Stored dataset items:
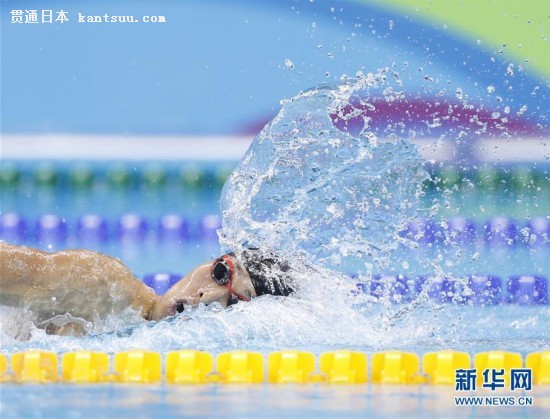8月6日,日本选手萩野公介在比赛中。 当日,在里约奥运会男子400米个人混合泳决赛中,日本选手萩野公介以4分06秒05的成绩夺得冠军。新华社记者费茂华摄 |
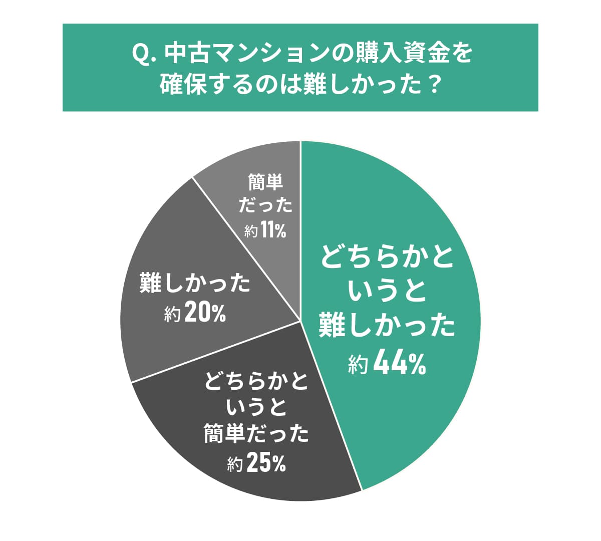 回答者に「中古マンションの購入資金を確保するのは難しかったですか?それとも簡単でしたか?」と質問しました。約64%が「難しかった」「どちらかというと難しかった」と回答しています。資金確保に苦労した人が多数派を占める結果となりました。
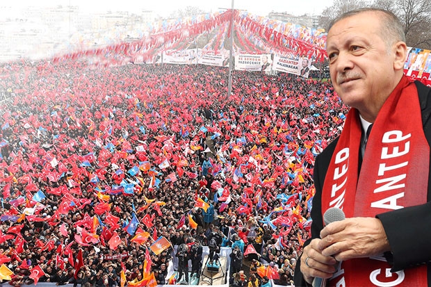 ''Gaziantepli çiftçilerimize toplam 1 buçuk katrilyon tutarında tarımsal destek verdik. Gaziantep’e son 17 yılda 2 yeni organize sanayi bölgesi, 2 teknopark, 11 araştırma geliştirme merkezi, 4 tasarım merkezi kurduk" şeklinde konuşan Erdoğan sözlerini şu şekilde sürdürdü; ''Gaziantepli yatırımcılarımızı 24 katrilyonluk yatırım ile destekleyerek 69 bin kişilik ilave istihdam oluşturduk. Şehrimizdeki 87 bin işyerimize toplam 2 katrilyon liralık SGK prim teşviki verdik. İstihdam için, üretim için yatırım gerekli. Gaziantep’te 500 hektarlık bir alanda, içinde her türlü lojistik hizmetlerin verildiği, kara limanı fonksiyonu görecek gümrük işlemlerinin yapılabildiği otoyol ve demiryolu bağlantısı olan bir lojistik köy kuruluyor. Tahsis v imal çalışmaları bitti, yakında inşasına başlanıyor. Ali Nacar Camisinden Boyacı Camii’ne, Tütünhan’a kadar Gaziantep’te 49 tarihi eserimizi restorasyonunu yaptık. Merkezdeki Kanalıcı Camii’nin, Tabak Hamamı’nın restorasyon çalışmaları sürüyor. Gaziantep’te istinaf mahkemesini faaliyete geçirdik. Adalet Bakanı Gaziantep’ten. Gece gündüz çalıştık, şehrimizi eserlerle, hizmetlerle donattık. İnşallah önümüzdeki dönemde çok daha büyük yatırımlara imza atacağız. Biz ülkemiz ve memleketimiz için hizmetler için çalışırken birileri suyu bulandırmanın gayreti içerisinde. Milletin karşısına hep cilalı boyalı makyajlı çıkıyorlar. Sonra gerçekler yağmur gibi yağmaya başladığında işte o boyalar dökülüyor, hakiki yüzü çıkıyor. Seçimlerde bir cumhur ittifakı var, bir de CHP’nin etrafında kurulan, görünüşte yanında olan adı İYİ kendi bir hayli karışık olan bir parti ile isminden başka geçmişi ile bağlantısı kalmayan Saadet’in olduğu bir ittifak var. Ama ittifakın asıl ortağını sürekli gizlemeye çalışıyorlar. Çünkü bu parti sabıkalı, bu partinin ipi terör örgütünün elinde. Bu partiyi Ankara’daki genel merkezi değil, Kandil yönetiyor. Gaziantep’te işler daha da karışık. Sırtını Kandil’e dayayan ve oradan gücünü alan CHP aslında bunu destekliyor, ama bir başka adayın yanında gözüküyor. Kimin kimi desteklediği belli değil. Türk siyasetini bu duruma düşürmeye kimsenin hakkı yok. Çıkıp delikanlıca kim kiminle ittifak halinde, kim kimin belediye başkan adayını destekliyor, kim kimin meclis üyelerini kendi listesinden gösteriyor, söylesinler. Kurulan tezgahı ele veriyorlar. CHP demek çöp, çukur, çamur demektir. CHP demek yolsuzluk, yoksulluk, yasaklar demektir. Bunları ayaklarımızın altına almak için, 31 Mart en büyük fırsattır. Son 1 yıl içinde dördüncü defa Gaziantep’teyim. Yine de Gaziantep hasretimizi gideremiyoruz. Çünkü Gaziantep alın teriyle, göz nuruyla, ilimle, irfanla, yürek coşkusuyla, deruni bir aşkla yoğrulmuş bir şehirdir. Tatlısıyla, kebabıyla, her biri diğerinden lezzetli yemeklerinden oluşan mutfağıyla ülkemizi dünyada başarıyla temsil eden bu şehir için ne desek azdır.
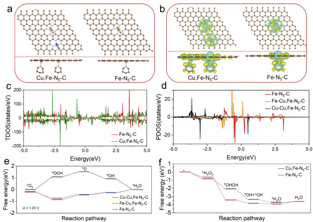 基于此,51动漫 孙根班教授团队开发了一种CuN5单原子纳米酶(SAzyme)辅助的Fe-N5催化剂,通过铜-铁双原子位点协同作用显著提升ORR性能。研究结果表明,SA-Fe-N5在碱性电解质中展现出优异的ORR活性,其半波电位(E1/2)和扩散极限电流密度(Jk)与商业Pt/C相当。如图1所示,通过DFT计算揭示了Cu-N5单原子纳米酶对Fe单原子催化剂体系的协同优化机制:(1)Cu作为电子供体通过碳骨架提升Fe位点电子密度,优化ORR中间体吸附能垒,从而提高ORR催化活性;(2)Cu-N5位点作为类过氧化氢酶优先分解H₂O₂,有效抑制Fe引发的芬顿反应,进一步提高ORR催化稳定性。如图2所示,通过配体-介导法成功合成Fe/Cu双原子催化剂,通过EXAFS拟合确认Cu-N5和Fe-N5的配位构型,最终确定Fe-N5/Cu-N5双原子位点。如图3所示,优化后的SA-Fe-N5在碱性电解质中中达到0.89 V(vs. RHE)的半波电位,其性能超越传统商用Pt/C和Fe-N5。关键创新在于引入Cu位点有效抑制Fe位点的类芬顿效应,使羟基自由基(·OH)生成量降低。电化学稳定性结果表明,SA-Fe-N5催化剂经10000次循环后半波电位衰减仅7.2 mV,显著优于Fe-N₅(34 mV)。作为锌-空气电池阴极催化剂,SA-Fe-N5实现了217.8 mW cm-²的峰值功率密度和808.7 mAh g-1的比容量,在10 mA cm⁻²下稳定循环110小时,展现其商业化应用潜力。本研究将理论研究与实验验证相结合,为进一步设计高耐久、低成本ORR电催化剂提供了创新策略和新的视角。
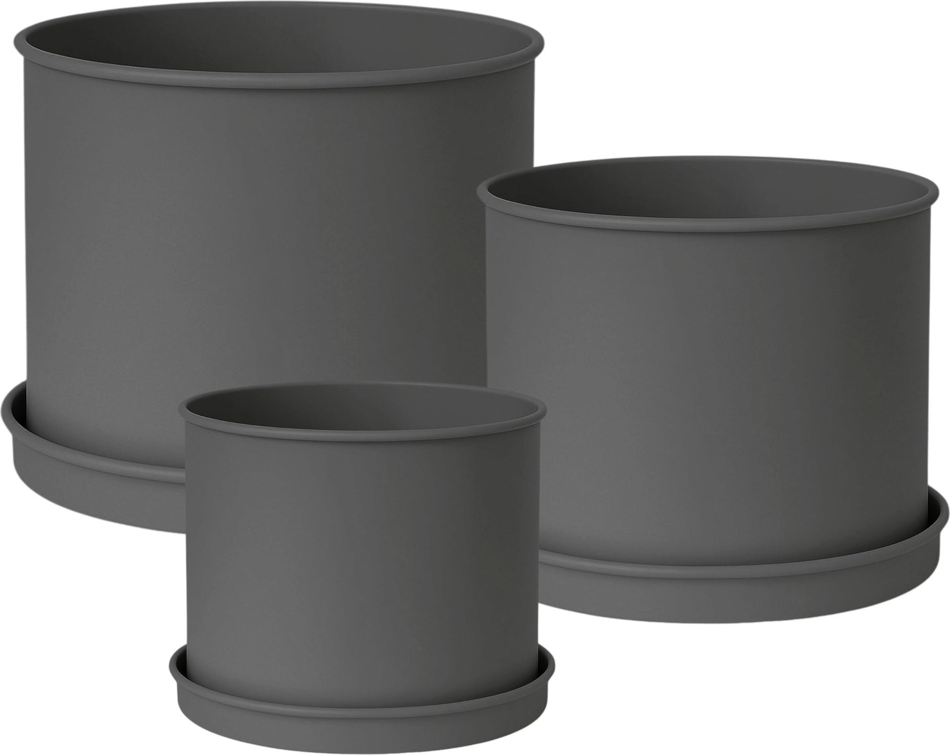 Livlig53 Lot de 3 Pots de Fleurs en Métal avec Soucoupes, anthracite
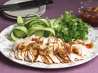 四川料理の名菜「口水鶏(コウシェイヂィ)」。よだれが出るほど美味しいのがその名の由来だそうです。

> [EXERCISE AIM]
Could you retype every line above exactly as it appears, skipping the pictures?

> [SOLUTION FOR THIS TASK]
8月6日,日本选手萩野公介在比赛中。 当日,在里约奥运会男子400米个人混合泳决赛中,日本选手萩野公介以4分06秒05的成绩夺得冠军。新华社记者费茂华摄 |
 回答者に「中古マンションの購入資金を確保するのは難しかったですか?それとも簡単でしたか?」と質問しました。約64%が「難しかった」「どちらかというと難しかった」と回答しています。資金確保に苦労した人が多数派を占める結果となりました。
 ''Gaziantepli çiftçilerimize toplam 1 buçuk katrilyon tutarında tarımsal destek verdik. Gaziantep’e son 17 yılda 2 yeni organize sanayi bölgesi, 2 teknopark, 11 araştırma geliştirme merkezi, 4 tasarım merkezi kurduk" şeklinde konuşan Erdoğan sözlerini şu şekilde sürdürdü; ''Gaziantepli yatırımcılarımızı 24 katrilyonluk yatırım ile destekleyerek 69 bin kişilik ilave istihdam oluşturduk. Şehrimizdeki 87 bin işyerimize toplam 2 katrilyon liralık SGK prim teşviki verdik. İstihdam için, üretim için yatırım gerekli. Gaziantep’te 500 hektarlık bir alanda, içinde her türlü lojistik hizmetlerin verildiği, kara limanı fonksiyonu görecek gümrük işlemlerinin yapılabildiği otoyol ve demiryolu bağlantısı olan bir lojistik köy kuruluyor. Tahsis v imal çalışmaları bitti, yakında inşasına başlanıyor. Ali Nacar Camisinden Boyacı Camii’ne, Tütünhan’a kadar Gaziantep’te 49 tarihi eserimizi restorasyonunu yaptık. Merkezdeki Kanalıcı Camii’nin, Tabak Hamamı’nın restorasyon çalışmaları sürüyor. Gaziantep’te istinaf mahkemesini faaliyete geçirdik. Adalet Bakanı Gaziantep’ten. Gece gündüz çalıştık, şehrimizi eserlerle, hizmetlerle donattık. İnşallah önümüzdeki dönemde çok daha büyük yatırımlara imza atacağız. Biz ülkemiz ve memleketimiz için hizmetler için çalışırken birileri suyu bulandırmanın gayreti içerisinde. Milletin karşısına hep cilalı boyalı makyajlı çıkıyorlar. Sonra gerçekler yağmur gibi yağmaya başladığında işte o boyalar dökülüyor, hakiki yüzü çıkıyor. Seçimlerde bir cumhur ittifakı var, bir de CHP’nin etrafında kurulan, görünüşte yanında olan adı İYİ kendi bir hayli karışık olan bir parti ile isminden başka geçmişi ile bağlantısı kalmayan Saadet’in olduğu bir ittifak var. Ama ittifakın asıl ortağını sürekli gizlemeye çalışıyorlar. Çünkü bu parti sabıkalı, bu partinin ipi terör örgütünün elinde. Bu partiyi Ankara’daki genel merkezi değil, Kandil yönetiyor. Gaziantep’te işler daha da karışık. Sırtını Kandil’e dayayan ve oradan gücünü alan CHP aslında bunu destekliyor, ama bir başka adayın yanında gözüküyor. Kimin kimi desteklediği belli değil. Türk siyasetini bu duruma düşürmeye kimsenin hakkı yok. Çıkıp delikanlıca kim kiminle ittifak halinde, kim kimin belediye başkan adayını destekliyor, kim kimin meclis üyelerini kendi listesinden gösteriyor, söylesinler. Kurulan tezgahı ele veriyorlar. CHP demek çöp, çukur, çamur demektir. CHP demek yolsuzluk, yoksulluk, yasaklar demektir. Bunları ayaklarımızın altına almak için, 31 Mart en büyük fırsattır. Son 1 yıl içinde dördüncü defa Gaziantep’teyim. Yine de Gaziantep hasretimizi gideremiyoruz. Çünkü Gaziantep alın teriyle, göz nuruyla, ilimle, irfanla, yürek coşkusuyla, deruni bir aşkla yoğrulmuş bir şehirdir. Tatlısıyla, kebabıyla, her biri diğerinden lezzetli yemeklerinden oluşan mutfağıyla ülkemizi dünyada başarıyla temsil eden bu şehir için ne desek azdır.
 基于此,51动漫 孙根班教授团队开发了一种CuN5单原子纳米酶(SAzyme)辅助的Fe-N5催化剂,通过铜-铁双原子位点协同作用显著提升ORR性能。研究结果表明,SA-Fe-N5在碱性电解质中展现出优异的ORR活性,其半波电位(E1/2)和扩散极限电流密度(Jk)与商业Pt/C相当。如图1所示,通过DFT计算揭示了Cu-N5单原子纳米酶对Fe单原子催化剂体系的协同优化机制:(1)Cu作为电子供体通过碳骨架提升Fe位点电子密度,优化ORR中间体吸附能垒,从而提高ORR催化活性;(2)Cu-N5位点作为类过氧化氢酶优先分解H₂O₂,有效抑制Fe引发的芬顿反应,进一步提高ORR催化稳定性。如图2所示,通过配体-介导法成功合成Fe/Cu双原子催化剂,通过EXAFS拟合确认Cu-N5和Fe-N5的配位构型,最终确定Fe-N5/Cu-N5双原子位点。如图3所示,优化后的SA-Fe-N5在碱性电解质中中达到0.89 V(vs. RHE)的半波电位,其性能超越传统商用Pt/C和Fe-N5。关键创新在于引入Cu位点有效抑制Fe位点的类芬顿效应,使羟基自由基(·OH)生成量降低。电化学稳定性结果表明,SA-Fe-N5催化剂经10000次循环后半波电位衰减仅7.2 mV,显著优于Fe-N₅(34 mV)。作为锌-空气电池阴极催化剂,SA-Fe-N5实现了217.8 mW cm-²的峰值功率密度和808.7 mAh g-1的比容量,在10 mA cm⁻²下稳定循环110小时,展现其商业化应用潜力。本研究将理论研究与实验验证相结合,为进一步设计高耐久、低成本ORR电催化剂提供了创新策略和新的视角。
 Livlig53 Lot de 3 Pots de Fleurs en Métal avec Soucoupes, anthracite
 四川料理の名菜「口水鶏(コウシェイヂィ)」。よだれが出るほど美味しいのがその名の由来だそうです。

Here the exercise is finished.